● **Work request**
Please output the lines from the one with "Dunkle Milchschokolade 50%" through the end of the data exactly as written, omitting all pictures.

● **Data block**
_____

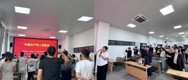 最后,物理学科研究生党支部书记项敏祎带领全体党员重温入党誓词,全体毕业生党员庄严宣誓,表达了始终坚定理想信念、牢记党的宗旨、严守党的纪律的坚定决心。
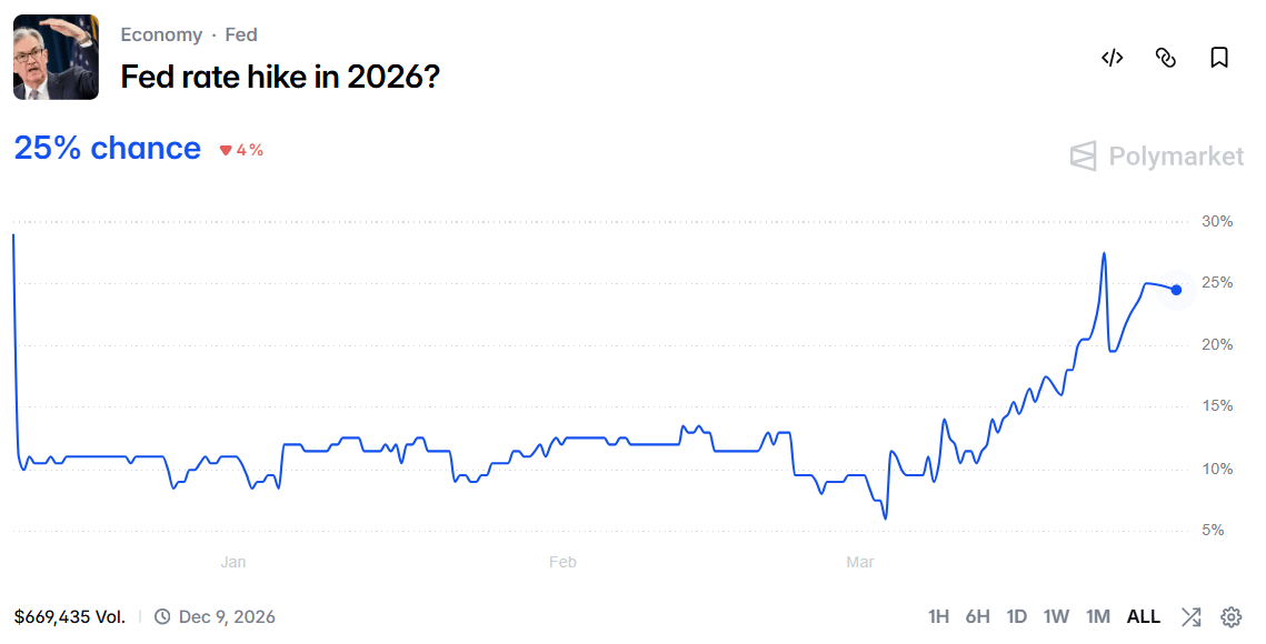 This shift in macro expectations is also showing up in rate markets, with a 24% probability now being assigned to a Fed rate hike in 2026. Higher-for-longer expectations continue to weigh on risk assets across the board.
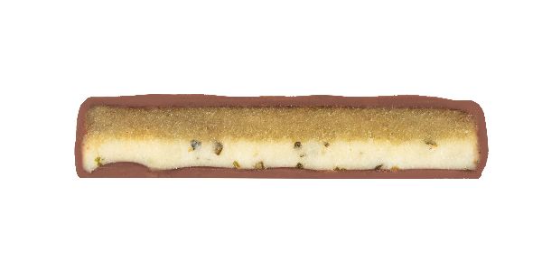Dunkle Milchschokolade 50% gefüllt mit Wein-Marzipan und Holunderblüten-Minz-Schicht.
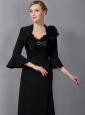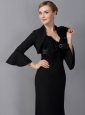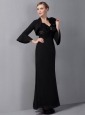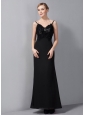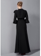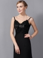 Modest Black Column Mother Of The Bride Dress Straps Appliques Ankle-length Chiffon

_____

● **Exercise response**
Dunkle Milchschokolade 50% gefüllt mit Wein-Marzipan und Holunderblüten-Minz-Schicht.
 Modest Black Column Mother Of The Bride Dress Straps Appliques Ankle-length Chiffon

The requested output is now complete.